A docket-clearing plea bargain landed him in Folsom Prison on a five to ten for second-degree murder. There he was free to hang out in the yard with his meth-cooking Aryan Brotherhood bunkmates, take an auto mechanics course he could have taught, accrue good behavior brownie points in the chapel, and bench press until his pectorals threatened to explode.

Four months into his sentence, he was ready to see his daughters.

The law said his paternal rights had to be considered.

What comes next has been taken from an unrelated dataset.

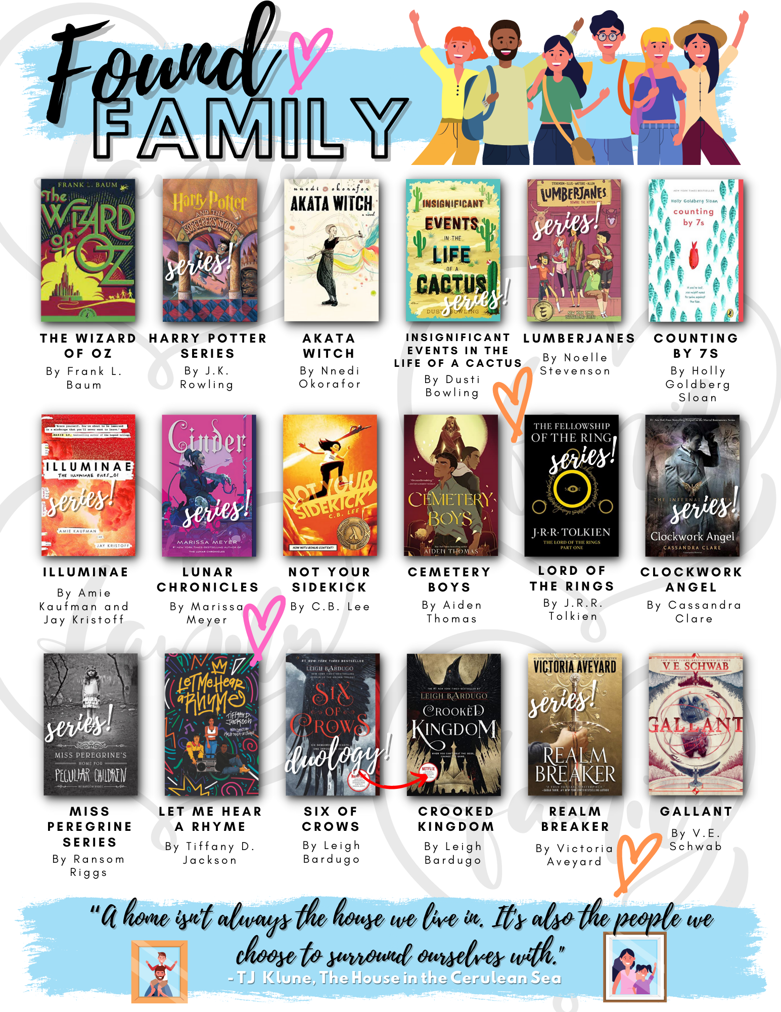 This list includes books that involve friendships, chosen family, and found family. List includes Middle Grade and Young Adult novels.

An L.A. family court judge named Stephen Huff- one of the better ones- asked me to evaluate. We met in his chambers on a September morning and he told me the details while drinking ginger ale and stroking his bald head. The room had beautiful old oak paneling and cheap country furniture. Pictures of his own children were all over the place.

"Just when does he plan on seeing them, Steve?"

"Up at the prison, twice a month."

"That's a plane ride."

"Friends will chip in for the fare."

"What kind of friends?"

"Some idiocy called The Donald Dell Wallace Defense Fund."

"Biker buddies?"

"Vroom vroom."

"Meaning it's probably amphetamine money."

His smile was weary and grudging. "Not the issue before us, Alex."

"What's next, Steve? Disability payments because he's stressed out being a single parent?"

"So it smells. So what else is new? Talk to the poor kids a few times, write up a report saying visitation's injurious to their psyches, and we'll bury the issue."

"For how long?"

He put down the ginger ale and watched the glass raise wet circles on his blotter. "I can kibosh it for at least a year."

"Then what?"

"If he puts in another claim, the kids can be reevaluated and we'll kibosh it again. Time's on their side, right? They'll be getting older and hopefully tougher."

"In a year they'll be ten and eleven, Steve."